Я запираю конверт в сейф.
Прежде чем отправиться домой, я захожу в министерство, чтобы договориться о встрече с Буадефром. Сегодня дежурит Поффен де Сен-Морель. Он говорит мне, что начальника Генштаба не будет до вторника.
– Могу я сообщить ему предмет разговора?
– Я бы предпочел этого не делать.
– Секретные материалы?
– Именно.
– Больше можете не говорить. – Он записывает меня в журнал на десять часов. – Кстати, – спрашивает де Сен-Морель, – вы следили за этим делом со стариком Фуко – о каком-то немецком шпионе?
– Да, следил, спасибо.
– Там ничего нет?
– Ничего.
Субботу я провожу в своем кабинете – пишу доклад Буадефру: «Записка контрразведывательной службы о майоре Эстерхази из Семьдесят четвертого пехотного». Записка требует тонкой проработки. Я делаю несколько фальстартов. Описываю в общих словах обстоятельства получения нами «пти блю», расследование сомнительного поведения Эстерхази, информацию от Куэрса о том, что у немцев, которых я шифрую незамысловатым кодом «Х», все еще есть шпион во французской армии, сходство почерков «бордеро» и Эстерхази, бросающееся в глаза даже непрофессионалу. Мой доклад занимает четыре листа, исписанные убористым почерком. Заканчиваю я следующим:
Я сжигаю свои записки и черновики в очаге, потом запираю доклад в сейфе вместе с секретной папкой. Материал слишком чувствителен, чтобы доверять его внутренней почте. Я передам его из рук в руки.

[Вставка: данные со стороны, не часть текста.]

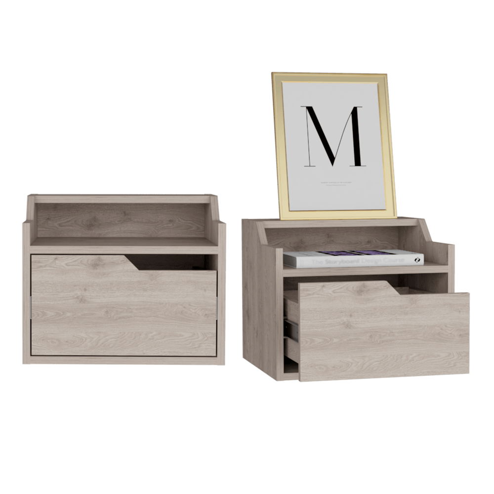 Mesa de Noche Flotante, con espacio para colocar objetos decorativos, diseño moderno y un cajón.
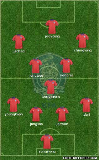 정성룡 · 곽태휘 · 이정수 · 박주호 · 고요한 · 기성용 · 하대성 · 이근호 · 김보경 · 이청용 · 이동국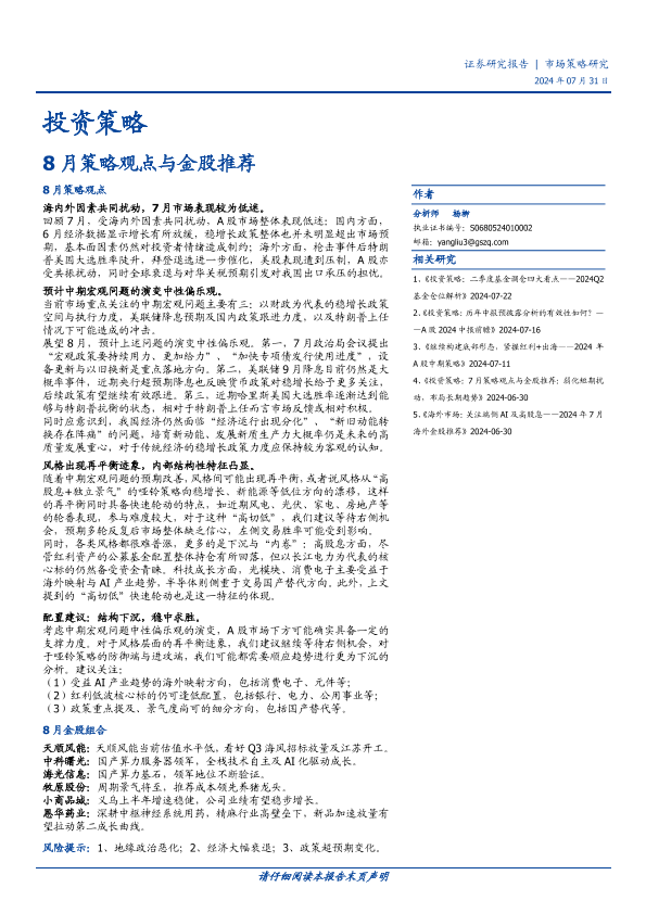 【国盛证券】【20240731】投资策略:8月策略观点与金股推荐-10页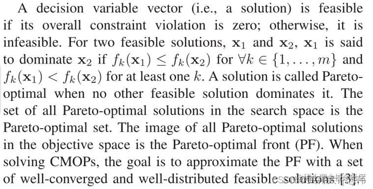 - 首先是一段CMOPs和CMOEAs的解释和定义

На следующее утро я отправляюсь в Виль-д’Авре на второй завтрак с моими родственниками Гастами. «Ла Ронс» – красивый дом, крытый красной черепицей, – стоит на принадлежащем семье участке земли близ главной дороги в Версаль. День прекрасный. Жанна приготовила пикник, ностальгически напоминающий детство в Эльзасе: утиный паштет, «пылающий пирог»[42] и квашеную капусту с мюнстерским сыром. Все должно быть прекрасно. Но мне никак не отделаться от теней на улице Юниверсите. Я чувствую себя взволнованным и бледным рядом с моими расслабленными и загорелыми друзьями, хотя и пытаюсь не показывать своих чувств. Эдмон вытаскивает старую тележку из конюшни, укладывает в нее плетеную корзинку с едой, одеяла и вино, потом катит ее по лужку, а мы все следуем за ним.
Я поглядываю, не появилась ли Полин, наконец, словно невзначай, спрашиваю мою сестру, не знает ли она, появится ли Полин, но Анна говорит мне, что Полин решила провести еще одну неделю в Биаррице с Филиппом и девочками. Она внимательно смотрит на меня, потом говорит:
– Судя по твоему виду, тебе бы тоже не помешал отпуск.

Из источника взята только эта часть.